Some machines avoid the thrashing of a direct-mapped cache by allowing a given memory address to sit in one of two or four slots, called two- or four-way "set associative caching" (described here, or in the Hennessy & Patterson book, Chapter 7).  On such machines, you can still get cache thrashing with power of two jumps, but you need more and longer jumps to do so.

In general, there are many more complicated cache replacement algorithms, although most of them are too complicated to implement in hardware.  The OS treats RAM as a cache of data on disk, and since disks are so slow, it can pay to be smart about choosing which page to write to disk.

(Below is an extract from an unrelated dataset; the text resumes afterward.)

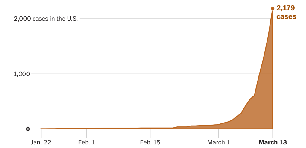 Why was there such a lack of international cooperation, and was it do to the continued denial by the President that “so far we have lost nobody to coronavirus in the United States” at the end of February, as if he read data visualizations as a sports competition; after the first American did, he assured the nation that “healthy individuals should be able to fully recover” promoting a sense of vigor as if the robust bodies of Americans had nothing to fear, omitting inequalities or disparities in our national health and adhering to national terms. But presumptive positive cases of infection in our borders could no longer be denied. Nor could he claim to have shielded the nation from, even as he patted himself on the back for closing borders that did little to pause the global creep of the disease. The exponential growth of infections within the United States should have been the focus of Trump’s address to the nation.

Memory-Carried Superscalar Dependencies

Especially on x86, which has very few registers, the CPU has to work hard to make memory accesses fast.

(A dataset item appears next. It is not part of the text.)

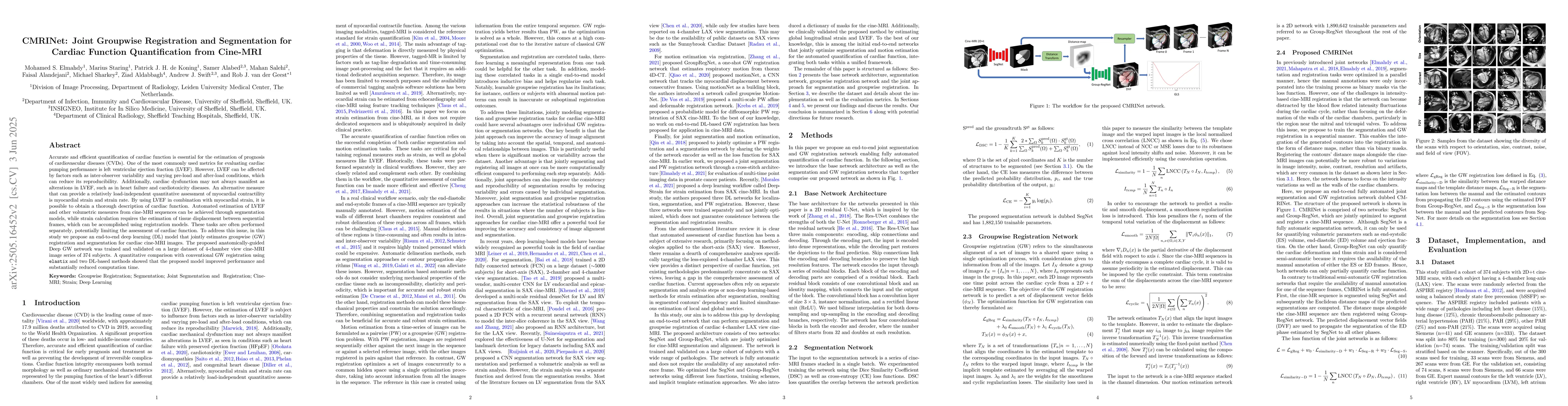 This work is novel as it integrates segmentation and registration tasks into a single deep learning model for cardiac function quantification from cine-MRI, addressing the limitations of separate task approaches and potentially offering a more comprehensive assessment of cardiac function.

First, memory dependencies are actually tracked at runtime, so this code where each loop iteration touches a different element runs fairly fast:
const int n=1000;
int arr[n];
int i;
for (i=0;i<n;i++)
arr[i]*=i;
return arr[0];

(Try this in NetRun now!)

But this code, where each loop iteration touches the same element zero, runs over 2x slower, because the different loop iterations cannot be overlapped.
const int n=1000;
int arr[n];
int i;
for (i=0;i<n;i++)
arr[0]*=i;
return arr[0];

(Try this in NetRun now!)

How can the CPU possibly do this?  Well, to make superscalar execution work, the CPU has to track *pending* loads and stores anyway, just in case that instruction has to be rolled back due to an exception (hardware interrupt, divide-by-zero, page fault).  So whenever the CPU issues a load, it just check to see if there's a pending store to that location, and if needed delays the load until the corresponding store is finished.

This "load-store buffer" is a pretty common trick on superscalar CPUs.